"En conclusión, el régimen de Maduro no tiene intención alguna de irse". (Ilustración: Giovanni Tazza)
"En conclusión, el régimen de Maduro no tiene intención alguna de irse". (Ilustración: Giovanni Tazza)

Conforme se endurece la en Venezuela, cada vez hay menos alternativas de solución que proponer. El mero llamado al diálogo, como han solicitado el ex alcalde bogotano Gustavo Petro y la congresista Marisa Glave, resulta completamente insuficiente frente a un régimen que ha destruido cualquier semblanza de representatividad democrática en el país. La imposición de sanciones económicas, por otro lado, tiene el efecto no deseado de herir aun más al ya debilitado pueblo venezolano.

Mientras los caminos diplomáticos se van estrechando y complicando, una verdad se mantiene inalterable: la alternativa moral para Venezuela no es –no puede ser– una guerra. Al menos en cuanto la paz aún sea viable, el objetivo de nuestros esfuerzos como país debe seguir siendo que el régimen madurista desarticule la Constituyente, detenga la violación sistemática de derechos humanos y convoque a elecciones libres y transparentes, que permitan a Venezuela transitar de una dictadura chavista a una democracia verdaderamente plural. El grupo de seguimiento establecido la semana pasada por la Declaración de Lima parece ir en esta dirección, y es una propuesta que merece nuestro apoyo, si hemos de evitar que Venezuela transite a la tragedia de ser una nueva Siria o una nueva Cuba.

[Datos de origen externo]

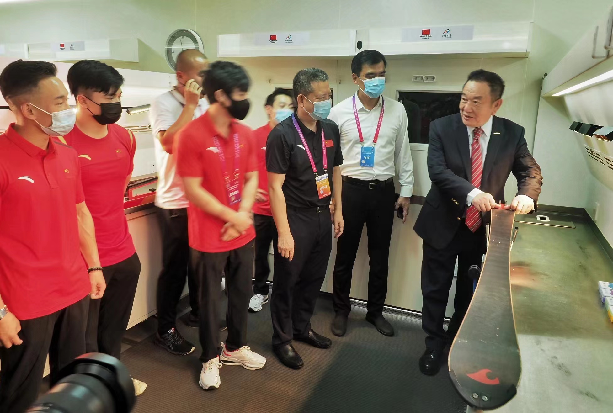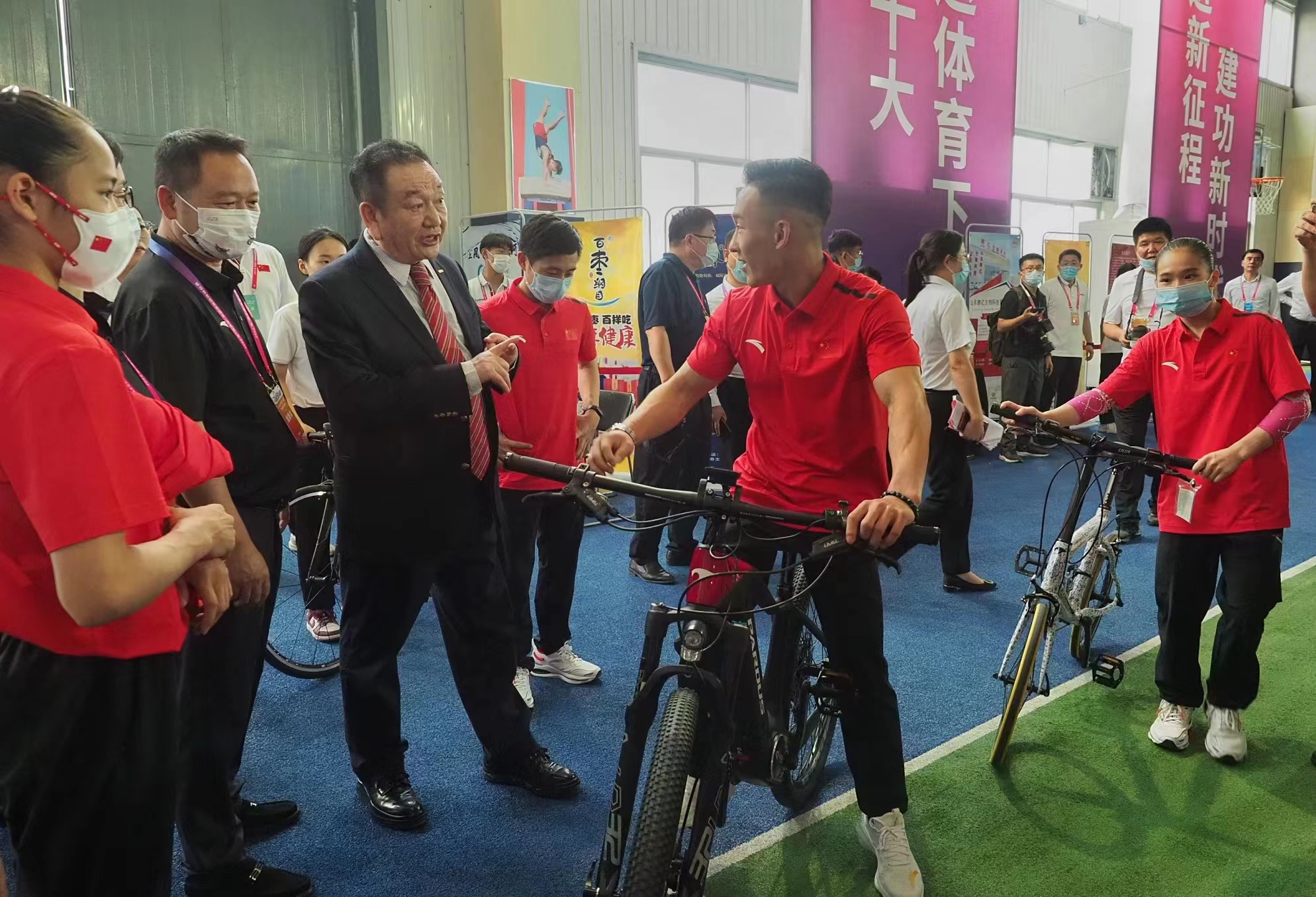 好博瑞豹碳纤维自行车就是好博体育立足科技创新、制定国际国内标准的代表产品。步入博物馆体验馆区,一排闪耀着科技感、未来感的自行车吸引了众人的目光。好博瑞豹是中国国家自行车队(公路、场地中长组)、中国国家铁人三项队器材供应商,2016年里约奥运会上成为首个登上奥运会自行车项目舞台的首个自主品牌,打破了欧美国家在这一领域的百年垄断。产品曾荣获“中国优秀工业设计金奖”、IF国际设计大奖等。运动员们亲自上阵,体验自行车的高性能。

El tiempo para lograr una salida diplomática es corto y con cada día que pasa corremos el riesgo de que algún nuevo desarrollo la impida por completo. La conformación de un gobierno paralelo por parte de la oposición o una revuelta masiva dentro de la Fuerza Armada Nacional Bolivariana probablemente llevarían a la guerra civil. El quiebre del espíritu de protesta del pueblo venezolano y la consolidación de la Constituyente, por su parte, la dejarían en una dictadura perpetua. Ninguna de estas opciones está muy lejos de suceder; y si la diplomacia pretende tener éxito, deberá apresurarse.

En nuestro país y en el resto del continente, sin embargo, ya hay quienes critican la posición diplomática y exigen, como primera (y única) alternativa, la militar. Para algunos, la única forma de salvar a Venezuela es que una alianza de naciones sudamericanas remueva a Maduro por la fuerza. Para otros, como el ex presidente colombiano Álvaro Uribe, por su parte, la mejor solución es una intervención militar donde el Ejército venezolano deponga a Maduro y convoque a elecciones. Incluso, el mismo ha señalado que una invasión estadounidense a Venezuela es una opción sobre la mesa. Estoy enfáticamente en desacuerdo con estas aseveraciones.

Por un lado, el derecho internacional prohíbe el uso unilateral de la fuerza entre estados, salvo legítima defensa o autorización del Consejo de Seguridad de las Naciones Unidas. Esto tiene sentido. Los estados no son buenos para administrar bondadosamente territorios que no son suyos. Una ocupación militar de Venezuela no podría crear mecanismos de participación ciudadana eficaces para terminar con una dictadura. Los ejemplos de Iraq y Afganistán son paradigmáticos; aunque quizás la propia historia peruana de finales del siglo XIX sea un mejor recordatorio.

Del mismo modo, la experiencia reciente de Egipto, donde el ejército intervino con la excusa de salvaguardar la revuelta popular de la Primavera Árabe y terminó imponiendo otra dictadura, no debe pasar desapercibida. Es más, la propia experiencia latinoamericana con los gobiernos militares en el Perú, Brasil, Chile y tantos otros no debiera generarnos mucha confianza sobre la capacidad de nuestros ejércitos para abandonar voluntariamente el poder una vez que lo obtienen.

Venezuela se encuentra en una grave crisis y requiere de nuestra ayuda. Una Venezuela en guerra, empero, no debería ser vista sino como una derrota más; una situación indeseable a la que habría que responder, pero no promover. La guerra, sea civil o internacional, no es una solución a la falta de democracia. Quien opine lo contrario, pues no entiende de ninguna.